In a Monday note to clients, the bank outlines the reasons behind this prediction, noting that the current economic backdrop increasingly mirrors the fundamental criteria of this optimistic scenario.
The idea of a “Roaring ‘20s” scenario, likened to the economic boom of the 1990s, hinges on strong GDP growth, moderate inflation, and stable interest rates.
Strategists highlight that for this regime to materialize, sustained growth above 2.5%, inflation between 2-3%, and a Fed funds rate of around 3.5% are necessary. These conditions, supported by robust capital expenditure (capex) and AI investments, could boost productivity, resulting in long-term economic benefits.
This bullish outlook, which seemed unlikely during the height of inflationary concerns, is now more plausible.
Recent revisions to GDP and gross domestic income (GDI) indicate stronger consumer demand than previously thought, with real GDI growth revised up by 1.3 percentage points in 2023 and 0.7 percentage points in 2022. UBS notes that this demand shock has been a significant factor in driving economic performance, keeping recession risks at bay for now.
Monetary policy also plays a crucial role in this scenario. UBS sees the Federal Reserve’s recent signaling as supportive of a Roaring ‘20s outcome.
“The Fed starting rate cuts with a bold 50bps helps the near-term growth outlook at the margin,” strategists said in the note, with the Fed seemingly focused on maintaining full employment while inflation gradually declines. This approach, they suggest, could buy time for productivity and supply-side improvements to take root.
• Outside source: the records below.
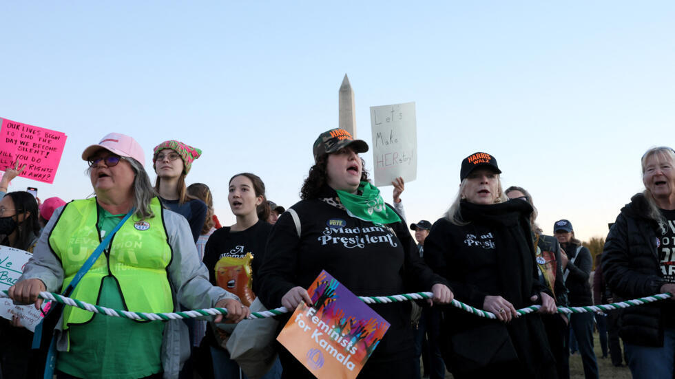 وجعلت المرشحة الديمقراطية من الدفاع عن الحق بالإجهاض ملفًا أساسيًا في حملتها الانتخابية، وهو الموضوع الذي تردد على ألسنة المتظاهرات المشاركات في هذه “المسيرة النسائية”.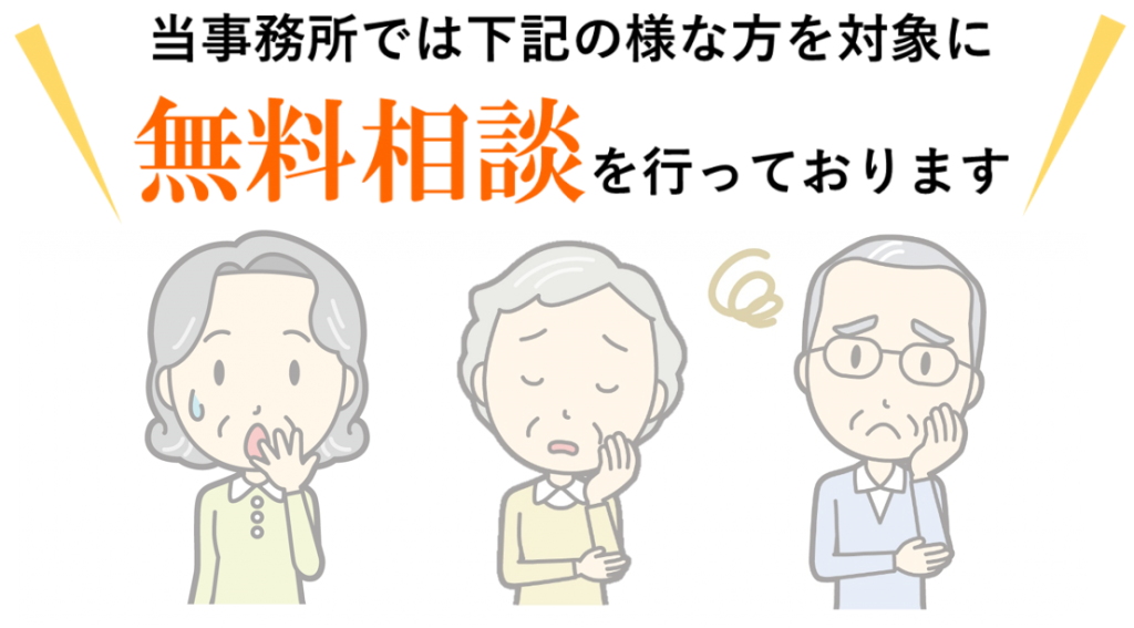 当事務所では相続手続きでお悩みの方が多数いらっしゃるのを見てきてきたからこそ、少しでも力になれるように「無料相談」を実施しております。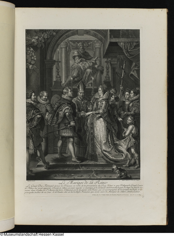 in der Platte: Rubens pinxit; I. Nattier delineavit. A. Trouvain Sculpsit.; Le Mariage de la Reine ... de Silleri Ambassadeur.; A Paris chez le S.r Nattier Peintre de l'Academie Royale rue Frementeau. Avec Privilege du Roy.;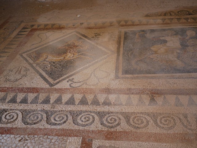 Délos recèle de véritables trésors en termes de mosaïque, magnifiques malgré le temps et l’exposition aux intempéries.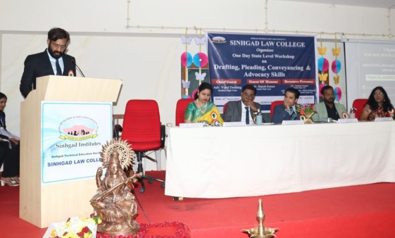 पुणे : वकिली क्षेत्रात यशस्वी होण्यासाठी आवश्यक असलेले कायदेशीर लेखनकौशल्य, अर्ज व निवेदन तयार करण्याचे तंत्र, तसेच न्यायालयीन सादरीकरणातील आत्मविश्वास यांचा सर्वंकष विकास व्हावा, या उद्देशाने सिंहगड विधी महाविद्यालयात राज्यस्तरीय कार्यशाळेचे आयोजन करण्यात आले. काल दि. 16 सप्टेंबर रोजी झालेल्या या कार्यशाळेत “ड्राफ्टिंग, प्लीडिंग, कन्व्हेसींग व ॲडव्होकेसी स्किल” या विषयावर विद्यार्थ्यांना मार्गदर्शन करण्यात आले.
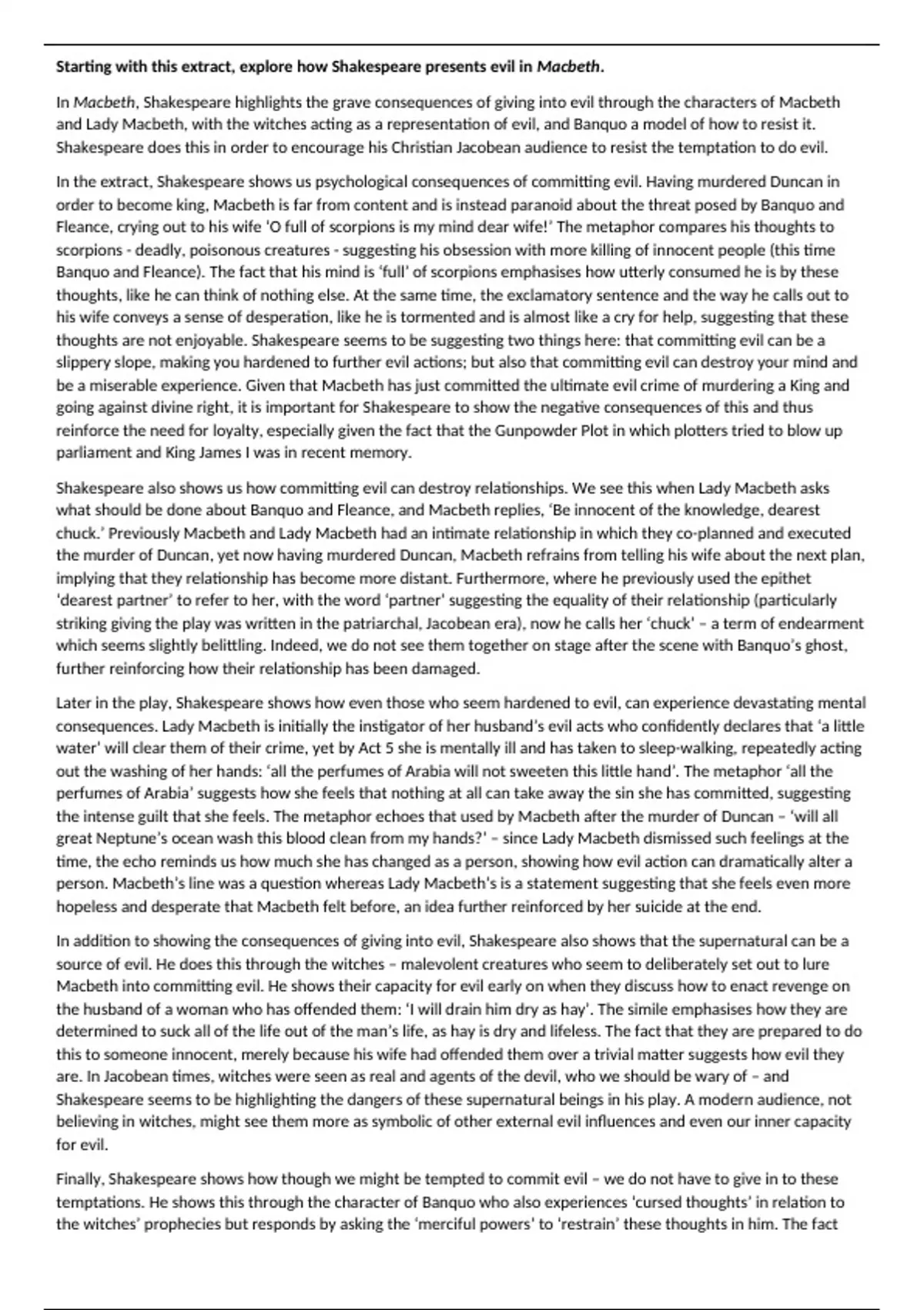 This document is a grade 9 top marks essay exploring how evil is presented in the play Macbeth. This essay focuses on how evil is portrayed through Macbeth and Lady Macbeth. Provides a strong essay structure that can be applicable to any English AQA essay.

Still, strategists caution that certain challenges could derail this optimistic path, particularly a cooling labor market and sluggish manufacturing activity.
A weaker-than-expected jobs report and continued tepid consumer confidence could dampen growth prospects. Moreover, external risks such as the U.S. election, global geopolitical tensions, and the impact of Hurricane Helene could introduce further uncertainty.
Overall, UBS remains cautiously optimistic, stating that the odds of a “Roaring ‘20s” economy are rising. The U.S. economy has already met the key criteria for this scenario, according to the bank.
The real question now is whether these favorable conditions will persist long enough to create sustained economic prosperity.
“With the mid-point of the 2020s only three months away, and the final stage of the post-pandemic normalization underway with the start of Fed rate cuts, it’s no longer too soon nor too optimistic to suggest that the US will experience a Roaring ‘20s economy,” strategists note, pointing to continued improvements on both the demand and supply sides, as well as in terms of monetary policy.
“The way things have been trending, it’s quite possible that by early 2025 only the most pessimistic investors will need rose-colored glasses to see a clear path to a Roaring ‘20s outcome,” they concluded.